• _DATASET SECTION_:
*****
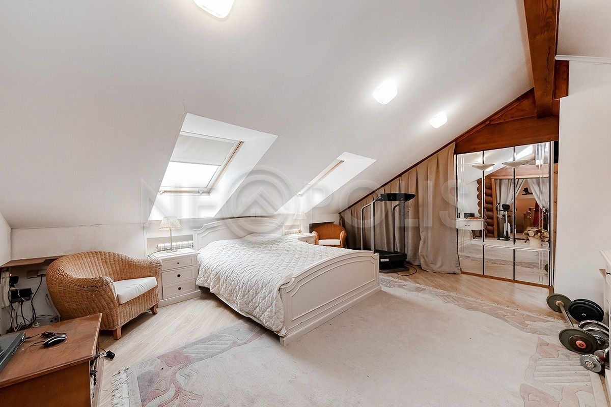 Мансарда: холл-спортзал, спальня и гардеробная.
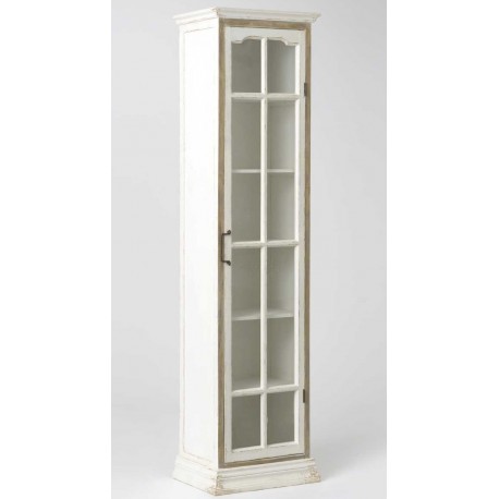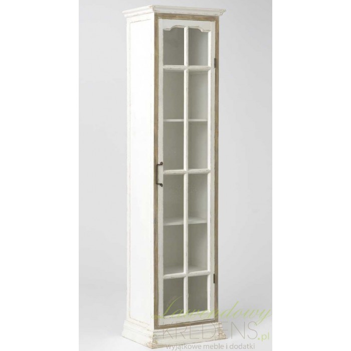 Piękna, wysoka na 180cm witryna jest wykonana z drewna jodłowego oraz płyty mdf. Jej prowansalski styl oddają ciekawie wykonane postarzenia i delikatny, kremowy kolor z brązową wstawką wokół przeszklonych drzwi. Drzwi mebla z ozdobnymi szprosami kryją za sobą półeczki gotowe pomieścić Twoje książki, porcelanę i wiele innych rzeczy. Ta wąska witryna prowansalska to oryginalny i praktyczny mebel, który idealnie zaprezentuje się w gabinecie i w salonie.
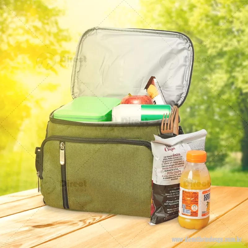 Bolsa térmica de poliéster com três compartimentos, capacidade de 9 litros. A bolsa possui revestimento térmico em PEVA atóxico com costura soldada (não vaza), alça de mão, bolsos laterais telados e acompanha alça transversal. - - DRTGOBT048
*****
• _TASK STATEMENT_:
Leaving the pictures aside, transcribe the entire listing exactly.

• _ANSWER AREA_:
 Мансарда: холл-спортзал, спальня и гардеробная.
 Piękna, wysoka na 180cm witryna jest wykonana z drewna jodłowego oraz płyty mdf. Jej prowansalski styl oddają ciekawie wykonane postarzenia i delikatny, kremowy kolor z brązową wstawką wokół przeszklonych drzwi. Drzwi mebla z ozdobnymi szprosami kryją za sobą półeczki gotowe pomieścić Twoje książki, porcelanę i wiele innych rzeczy. Ta wąska witryna prowansalska to oryginalny i praktyczny mebel, który idealnie zaprezentuje się w gabinecie i w salonie.
 Bolsa térmica de poliéster com três compartimentos, capacidade de 9 litros. A bolsa possui revestimento térmico em PEVA atóxico com costura soldada (não vaza), alça de mão, bolsos laterais telados e acompanha alça transversal. - - DRTGOBT048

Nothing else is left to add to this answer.